I was behind a truck yesterday. Not by choice. It charged out of a side street and bullied its way in front of me. The driver knew he had me outmatched. A fully loaded dump truck verses a two-seat roadster. You get this a lot when you drive a little car. The big guys pick on you, especially when they notice that you’re an old coot. He pulled out; I slammed on my breaks. There was a sign on the back of the truck that said, “Construction Vehicle; Do Not Follow.” What was I supposed to do? Pull over to the curb and park? I chose to violate the “do not follow” mandate, to continue on my journey even though I was “following” him. He turned right; I turned right. He turned left; I turned left. The “Do Not Follow” sign loomed large at every juncture, but I wasn’t following. Honest! It just happened that we were going in the same direction.
It made me wonder what the sign painter was thinking when he penned the “Do Not Follow” line. I’ve seen a lot of construction vehicles with signs. Usually they say, “Do Not Follow Too Closely,” or “This Vehicle Makes Sudden Stops,” but I’ve only recently seen this one. I guess they expect you to turn around and go the other way. It may sound like it made me mad but it didn’t; it made me jealous! I wanted a sign with moxie too!
A while back I suggested that people of my vintage put a flashing green light on the roof of their cars to warn other drivers that an old coot is on the road, to expect him to stay in the passing lane going 50 MPH, back up without looking and not turn right on red.
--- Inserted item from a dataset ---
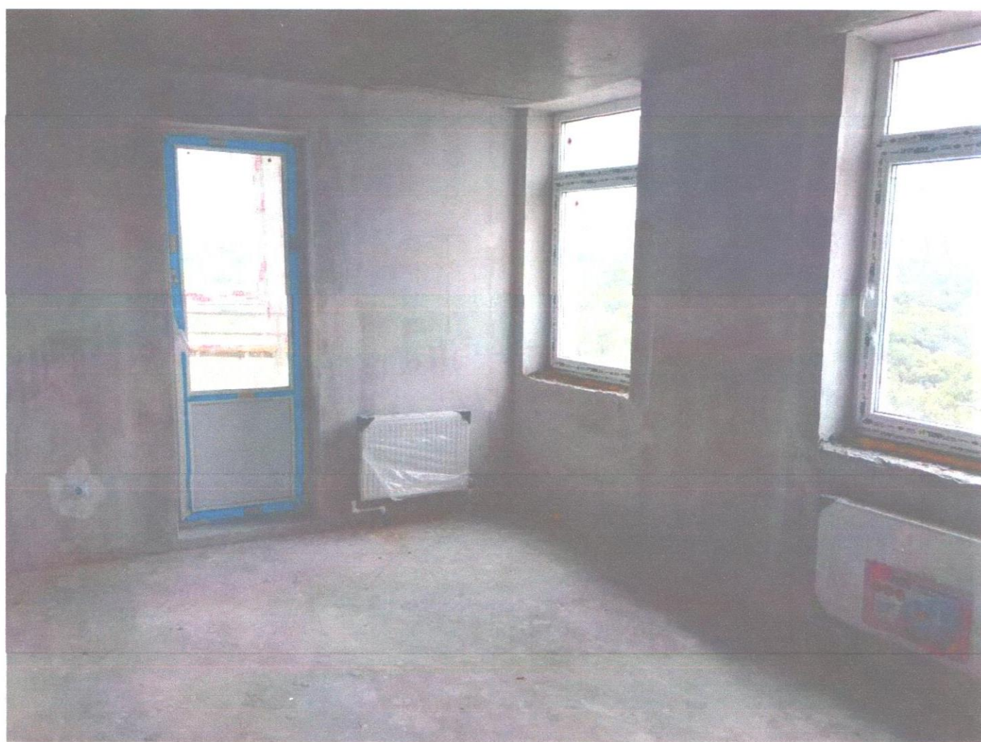
квартира 135 (11).JPG

The flashing light would be nice for other drivers, but it wouldn’t do much for us old coots. A sign like the one on the dump truck would. It could be tailored for the occasion. Like when I wake up with a crick in my neck. I could put a “Driver Can’t Turn His Head” sign in the back window to let people know I might swerve into them if they try to pass me.
“Old Coot Forgot His Hearing Aids,” is another good one. It would stop people from blowing their horn when I do something stupid, like putting on my left signal and then turning right. A sign that says, “Headed For An Early Bird Special,” would be the best of all. I’d put it on the front and back of my car. It would be as effective as the siren on an ambulance. People would pull to the side of the road to get out of the way. Nobody is foolish enough to get between an old coot and an early bird special.
The list of signs I’d stick on my car is endless: “Vehicle Stops Frequently For Coffee,” followed by, “This Vehicle Makes Frequent and Sudden Stops At Rest Rooms.” Or, “Driver Naps While Driving.” I guess what I really need is an electronic signboard with preprogrammed buttons. Then, I could change the message on the fly. I’d wear out the, “You’re Following Too Close,” button. People ride my back bumper all the time. Is it just an old coot thing, or do they do it to you too?